24 January 2011

Leading from the Soul (Part 1 of 4)


Part I: Introduction

When I think of great leaders I think of people like Abraham Lincoln, Mahatma Gandhi, and the Reverend Martin Luther King, Jr.  They were people whom against all odds and, moreover, against popular opinion, led society to places it would have never gone without them – to places that established new norms and higher expectations.  Their ideas and convictions were asserted thoughtfully and courageously and they never wavered from their purpose: to improve the lot of humanity.  These leaders spent a great deal of their time alone, reading and deliberating.  These leaders took risks that elevated everyone.  These leaders had a humble sense of self and a clear sense of mission.  When the history books are written about the early 21st century, I believe it will be claimed that while we suffered from economic malaise, global warming, terrorist acts, etc., the cause was not a housing or capital markets crisis, or an addiction to fossil fuels, or declining test scores, rising federal deficits, or even a broken healthcare system, it was rather a debilitating scarcity of leadership.  Leaders today show little, if any, of the characteristics of Lincoln, Gandhi, and King. 

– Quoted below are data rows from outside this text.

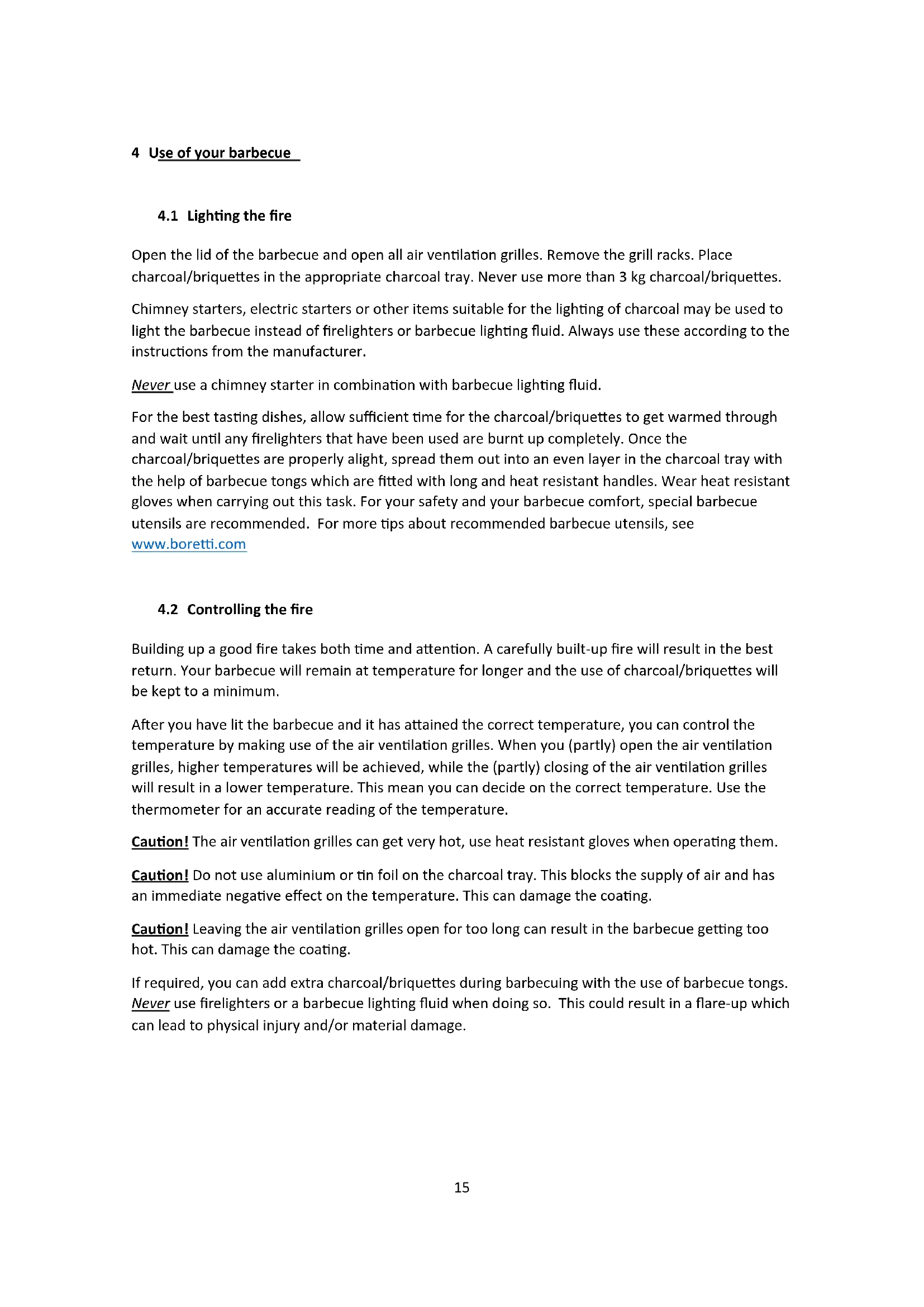 Open the lid of the barbecue and open all air ventilation grilles. Remove the grill racks. Place charcoal/briquettes in the appropriate charcoal tray. Never use more than 3 kg charcoal/briquettes. Chimney starters, electric starters or other items suitable for the lighting of charcoal may be used to light the barbecue instead of firelighters or barbecue lighting fluid. Always use these according to the instructions from the manufacturer. Never use a chimney starter in combination with barbecue lighting fluid. For the best tasting dishes, allow sufficient time for the charcoal/briquettes to get warmed through and wait until any firelighters that have been used are burnt up completely. Once the charcoal/briquettes are properly alight, spread them out into an even layer in the charcoal tray with the help of barbecue tongs which are fitted with long and heat resistant handles. Wear heat resistant gloves when carrying out this task. For your safety and your barbecue comfort, special barbecue utensils are recommended. For more tips about recommended barbecue utensils, see www.boretti.com
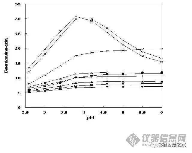 2)流動相pH值改變甚至可以改變某些樣品出峰的先后順序;
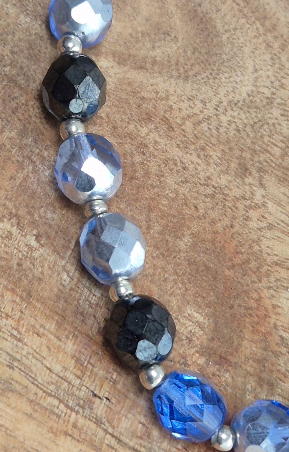 De armband is gemaakt van blauwe 8mm Tsjechische facetten en zilverkleurige kralen, die samen een prachtig en opvallend ontwerp creëren. De armband is geregen op stevig Nylon draad en heeft een handige zilverkleurige sluiting, waardoor hij gemakkelijk om en af te doen is. Met een lengte die geschikt is voor een polsmaat van 19cm, past deze armband perfect om jouw pols. Draag deze armband solo voor een subtiele touch of mix en match met andere armbanden voor een trendy en gepersonaliseerde look.
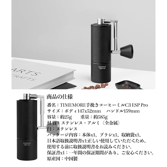 1.ブランド:TIMEMORE 型番:栗子C3 ESP Pro手挽きコーヒーミル 材 質 :ステンレス・アルミ(全金属) 刃:ステンレス サイズ:本体147x52mm 容 量 :約25g 重 量 :約585g

            Affluence has had much to do with this dearth of leadership.  For the last twenty years or so, since the collapse of the Soviet Union and the end of the Cold War, we frankly have not needed much leadership. If a difficult question remained unanswered, the consequences were few. Prosperity assured enough slack in the system that mistakes could be absorbed with little pain and no devastation. Evolutionary pressures that might have selected for capable leaders were largely absent.  Foreign affairs columnist for The Financial Times, Gideon Rachman, writes that the post-Cold War days of optimism are over, replaced by a new “Age of Anxiety” that portends a “zero-sum future.”[1] The so-called “Great Recession” that started in August 2007, and the turmoil of a global rebalancing of power that calls into serious question the future of America’s superpower status, means that whatever slack existed in the system is now gone.  Roger Altman and Richard Haas outlined the brutal details of American profligacy and declining American power in the journal of Foreign Affairs where they claimed, it was a lack of political will at home, as opposed to imperial overstretch “that threatens American power and security.”[2] The fact is everything has a consequence again, and leadership is essential.

            Historians may also conclude that besides affluence, technology — in spite of all of its many benefits — played its own insidious role in the decline of leadership.  They may find that those digital conveniences we have come to love and dare not live without, which have forced upon us an incessant need to be connected, has pushed leadership aside in favor of distraction and trivialities.  Technology has produced a conversation that is fast, short, and shallow.  It has fooled us about friendship; convincing us we are just a click away from adding a new so-called friend.  Research has been Wiki-fied, which has led to a diminished capacity to search, contemplate, hypothesize, test, reconsider, conclude, and start the search again.  In the process we have lost our sense of method.  Debates – once like symphonies – have been reduced to sound bites and video snippets.  Solving complex problems is no longer the goal; increasing “click-throughs” and “going viral” is all that matters.
   
            These future pages of history can, however, be avoided if we take care to reclaim our capacity for solitude, courage, and moral purpose.  This requires that we shift our behaviors to those that produce depth of thought and origination – that we have the discipline to disconnect.  It requires that we become transcendently courageous and that we focus on the ‘why’ of what we do.  It means that we each must become our own Lincoln, Gandhi, or King.  We can begin by leading from our soul and embracing a conscious discipline of self-restraint and introspection, so that we may regain our purpose and our will.  The process starts with practicing solitude so that we may know ourselves; then summon the courage of our convictions; and remain steadfastly committed to our purposes.


[1] Gideon Rachman, Zero Sum Future (New York: Simon & Schuster, 2011).
[2] Roger C. Altman and Richard N. Haas, “American Profligacy and American Power,” Foreign Affairs, 89, no. 6 (November-December 2010): pp. 25-34.